Nonlinear power dependence of the spectral properties of an optical parametric oscillator below threshold in the quantum regime

TL;DR

This paper investigates the nonlinear spectral properties of an optical parametric oscillator below threshold, revealing phenomena like frequency pulling and broadening that differ from traditional linear models, especially in high-rate photon generation regimes.

Contribution

It provides a detailed analysis of the nonlinear effects in cavity-assisted parametric down-conversion below threshold, highlighting deviations from linear approximations in the intermediate regime.

Findings

Frequency pulling observed in spectral properties

Broadening of temporal correlations in photon pairs

Significant differences from linear cavity models in high-rate regimes

Abstract

Photon pairs and heralded single photons, obtained from cavity-assisted parametric down-conversion (PDC), play an important role in quantum communications and technology. This motivated a thorough study of the spectral and temporal properties of parametric light, both above the Optical Parametric Oscillator (OPO) threshold, where the semiclassical approach is justified, and deeply below it, where the linear cavity approximation is applicable.
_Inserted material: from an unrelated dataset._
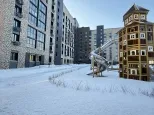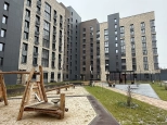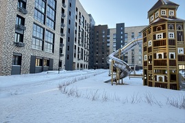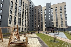 Благоустроенный двор с детскими площадками и зонами отдыха.
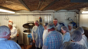 Inzwischen hatte sich auch die Sonne gegen den Nebel durchgesetzt und so ging die Fahrt weiter zu einer Gaststätte. Nach dem Mittagessen fuhren wir ein kurzes Stück bis nach Gospoldshofen. Dort erwartete uns bereits der Chef der Käserei Vogler. Vor der Besichtigung durften sich alle mit aparten Umhängen und Kopfbedeckungen schmücken, die aus Hygienegründen jeder Besucher zu tragen hatte. Während Herr Vogler uns den Herstellungsprozess des Käse erläuterte, hatte er immer einen lockeren Spruch auf den Lippen, der für viel Heiterkeit sorgte. Natürlich konnten wir anschließend auch Käse probieren und einkaufen, der dann jedoch aus Geruchsgründen die Weiterfahrt im Gepäckbereich des Busses verbringen musste.

The pursuit of a higher two-photon emission rate leads into an interesting intermediate regime where the OPO still operates considerably below the threshold but the nonlinear cavity phenomena cannot be neglected anymore. Here, we investigate this intermediate regime and show that the spectral and temporal properties of the photon pairs, as well as their emission rate, may significantly differ from the widely accepted linear model. The observed phenomena include frequency pulling and broadening in the temporal correlation for the down-converted optical fields. These factors need to be taken into account when devising practical applications of the high-rate cavity-assisted SPDC sources.